To provide greater control, over the "first" and "last" attributes,
we'll use custom getter and setter functions.  Here are the functions
for getting and setting the "first" attribute:

   static PyObject *
   Custom_getfirst(CustomObject *self, void *closure)
   {
       Py_INCREF(self->first);
       return self->first;
   }

   static int
   Custom_setfirst(CustomObject *self, PyObject *value, void *closure)
   {
       PyObject *tmp;
       if (value == NULL) {
           PyErr_SetString(PyExc_TypeError, "Cannot delete the first attribute");
           return -1;
       }
       if (!PyUnicode_Check(value)) {
           PyErr_SetString(PyExc_TypeError,
                           "The first attribute value must be a string");
           return -1;
       }
       tmp = self->first;
       Py_INCREF(value);
       self->first = value;
       Py_DECREF(tmp);
       return 0;
   }

The getter function is passed a "Custom" object and a "closure", which
is a void pointer.  In this case, the closure is ignored.  (The
closure supports an advanced usage in which definition data is passed
to the getter and setter. This could, for example, be used to allow a
single set of getter and setter functions that decide the attribute to
get or set based on data in the closure.)

The setter function is passed the "Custom" object, the new value, and
the closure.  The new value may be "NULL", in which case the attribute
is being deleted.  In our setter, we raise an error if the attribute
is deleted or if its new value is not a string.

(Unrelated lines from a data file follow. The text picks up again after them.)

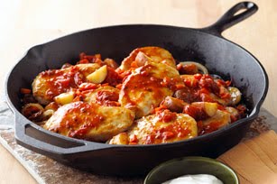 COOK and stir onions in remaining dressing in same skillet 3 min. or until crisp-tender. Return chicken to skillet. Add tomatoes, potatoes, carrots and peppers. Bring to boil; cover. Simmer on low heat 25 min. or until chicken is done (165ºF) and potatoes are tender, uncovering after 10 min.
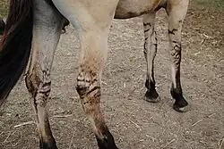 Dun-colored Campolinas generally display pronounced primitive markings including dorsal stripe, pale guard hairs on either side of the mane, transverse shoulder strip, and leg striping, called "zippers" by Campolina breeders.
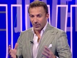 L'ex calciatore è la seconda voce accanto a Stefano Borghi durante Juventus-Borussia Dortmund di Champions. Si lascia sfuggire commenti ed espressioni che fanno discutere.
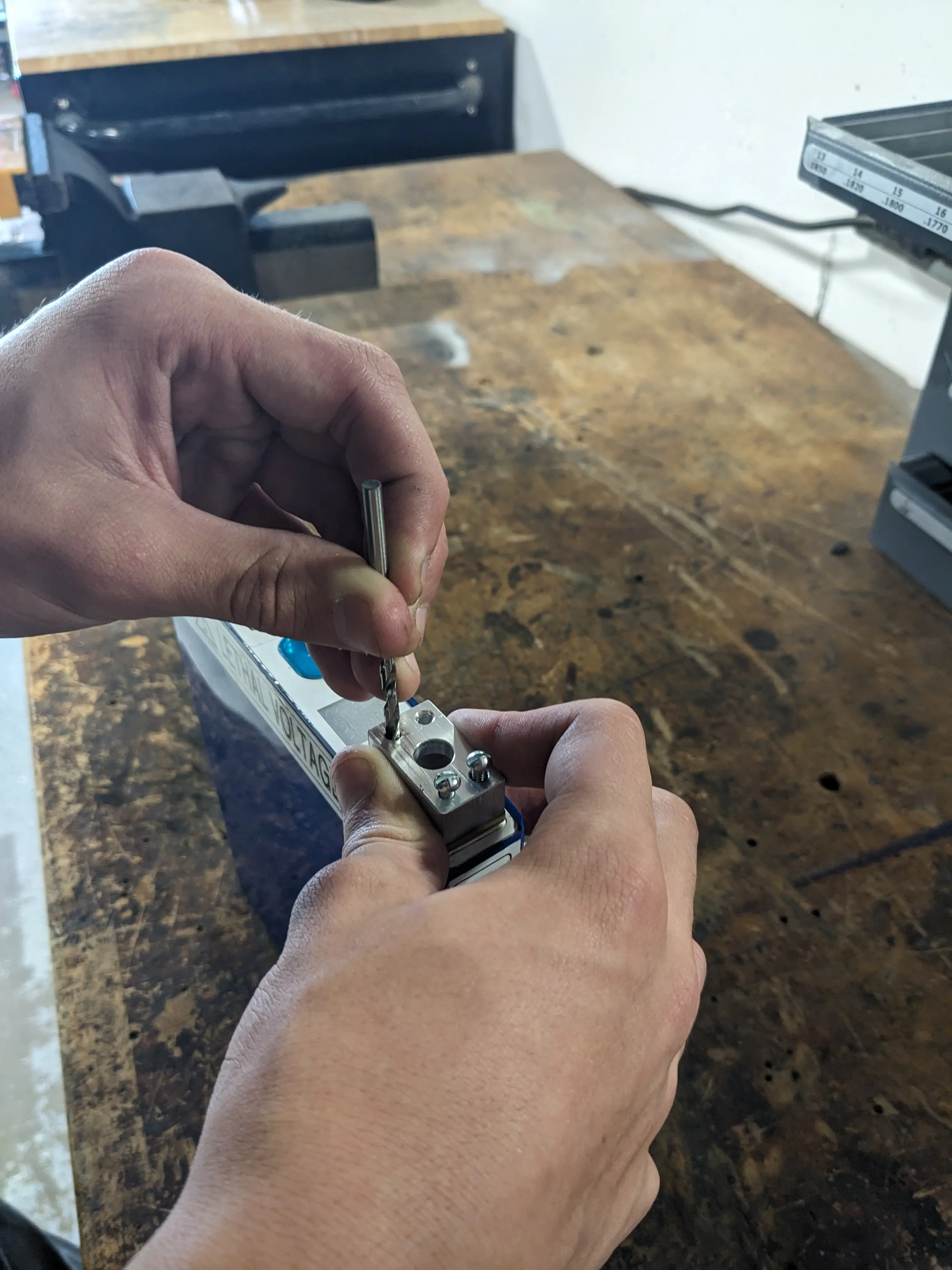 Once Tim made the part to be attached to the battery terminals, I marked the hole location, drilled the batteries (again) and tapped those holes.

We create an array of "PyGetSetDef" structures:

   static PyGetSetDef Custom_getsetters[] = {
       {"first", (getter) Custom_getfirst, (setter) Custom_setfirst,
        "first name", NULL},
       {"last", (getter) Custom_getlast, (setter) Custom_setlast,
        "last name", NULL},
       {NULL}  /* Sentinel */
   };

and register it in the "tp_getset" slot:

   .tp_getset = Custom_getsetters,

The last item in a "PyGetSetDef" structure is the "closure" mentioned
above.  In this case, we aren't using a closure, so we just pass
"NULL".

We also remove the member definitions for these attributes:

   static PyMemberDef Custom_members[] = {
       {"number", T_INT, offsetof(CustomObject, number), 0,
        "custom number"},
       {NULL}  /* Sentinel */
   };

We also need to update the "tp_init" handler to only allow strings [3]
to be passed:

   static int
   Custom_init(CustomObject *self, PyObject *args, PyObject *kwds)
   {
       static char *kwlist[] = {"first", "last", "number", NULL};
       PyObject *first = NULL, *last = NULL, *tmp;

       if (!PyArg_ParseTupleAndKeywords(args, kwds, "|UUi", kwlist,
                                        &first, &last,
                                        &self->number))
           return -1;

       if (first) {
           tmp = self->first;
           Py_INCREF(first);
           self->first = first;
           Py_DECREF(tmp);
       }
       if (last) {
           tmp = self->last;
           Py_INCREF(last);
           self->last = last;
           Py_DECREF(tmp);
       }
       return 0;
   }

With these changes, we can assure that the "first" and "last" members
are never "NULL" so we can remove checks for "NULL" values in almost
all cases. This means that most of the "Py_XDECREF()" calls can be
converted to "Py_DECREF()" calls.  The only place we can't change
these calls is in the "tp_dealloc" implementation, where there is the
possibility that the initialization of these members failed in
"tp_new".

We also rename the module initialization function and module name in
the initialization function, as we did before, and we add an extra
definition to the "setup.py" file.


2.4. Supporting cyclic garbage collection
=========================================

Python has a *cyclic garbage collector (GC)* that can identify
unneeded objects even when their reference counts are not zero. This
can happen when objects are involved in cycles.  For example,
consider:

   >>> l = []
   >>> l.append(l)
   >>> del l

In this example, we create a list that contains itself. When we delete
it, it still has a reference from itself. Its reference count doesn't
drop to zero. Fortunately, Python's cyclic garbage collector will
eventually figure out that the list is garbage and free it.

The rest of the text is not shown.